Pathophysiology of Heart Disease: A Collaborative Project of Medical Students and Faculty
ハーバード大学の心臓病テキストです。
神経科学
Principles of Neural Science
神経科学のテキストとして名著である。Amazonの評価もさることながら、Wikipediaにも本書を紹介するページが開設されており、本書の素晴らしさが伺える。
本書は1400ページにも及ぶ大作であるが、その内容は最新の知見を取り上げていながら非常に分かりやすい。
もちろんイラストや画像が豊富にある。そして嬉しい事に英語が平易で読みやすい。
臨床医学
★★★ Harrison’s Principles of Internal Medicine
2700ページにも及ぶ内科学の名著で、現在まで原著は20版近くまで出版されている。
内容は常に最新のものとなっており、臨床で役立つ実践的な内科学書である。
疾患の治療に関する説明は、薬剤の選択、薬理作用、副作用などが非常に詳細に書かれており、これらをまとめただけでも1冊の薬理本になりそうな勢いである。
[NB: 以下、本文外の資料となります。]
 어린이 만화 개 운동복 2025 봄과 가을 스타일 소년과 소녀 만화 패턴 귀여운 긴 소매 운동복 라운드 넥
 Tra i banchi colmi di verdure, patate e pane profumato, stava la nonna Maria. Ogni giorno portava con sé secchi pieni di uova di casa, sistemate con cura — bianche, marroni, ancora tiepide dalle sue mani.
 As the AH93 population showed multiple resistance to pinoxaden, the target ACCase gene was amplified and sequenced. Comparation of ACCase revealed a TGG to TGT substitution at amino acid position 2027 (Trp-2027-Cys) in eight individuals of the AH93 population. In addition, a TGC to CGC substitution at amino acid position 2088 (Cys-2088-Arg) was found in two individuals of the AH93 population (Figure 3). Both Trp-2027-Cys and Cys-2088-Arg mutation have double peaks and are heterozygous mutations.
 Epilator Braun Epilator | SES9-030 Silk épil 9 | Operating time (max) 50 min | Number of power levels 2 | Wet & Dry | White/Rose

HIVや肝炎の治療に関しては読めたもんではない。
また分冊になっているとは言え相当ボリュームがあるので、携帯には向かない。内容量、重量感から考えてもあくまで辞書的に使うべき教科書である。
ちなみに原著18版の時点で、日本語版は第3版までしか出版されていないようである。最新の知見を手に入れ、将来に備えるためにも是非原著を購入される事をおすすめする。
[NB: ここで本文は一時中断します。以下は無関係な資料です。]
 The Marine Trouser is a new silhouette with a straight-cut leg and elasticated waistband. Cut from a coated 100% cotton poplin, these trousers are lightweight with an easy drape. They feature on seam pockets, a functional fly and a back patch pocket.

Blueprints Obstetrics and Gynecology
blue printsシリーズの産婦人科分野本。”a concise review”となっているが、医学部の臨床講義、病棟実習、試験対策など(特にstep2)いろいろな使い方ができるマルチな教科書となっている。step1対策としても高い評価を受けている。
内容量としては、医学部の臨床講義で学ぶ内容の8割をカバーいているといったところか。詳細まで丁寧に説明してあるというわけではないが、だいたいのことは書いているので使いやすい。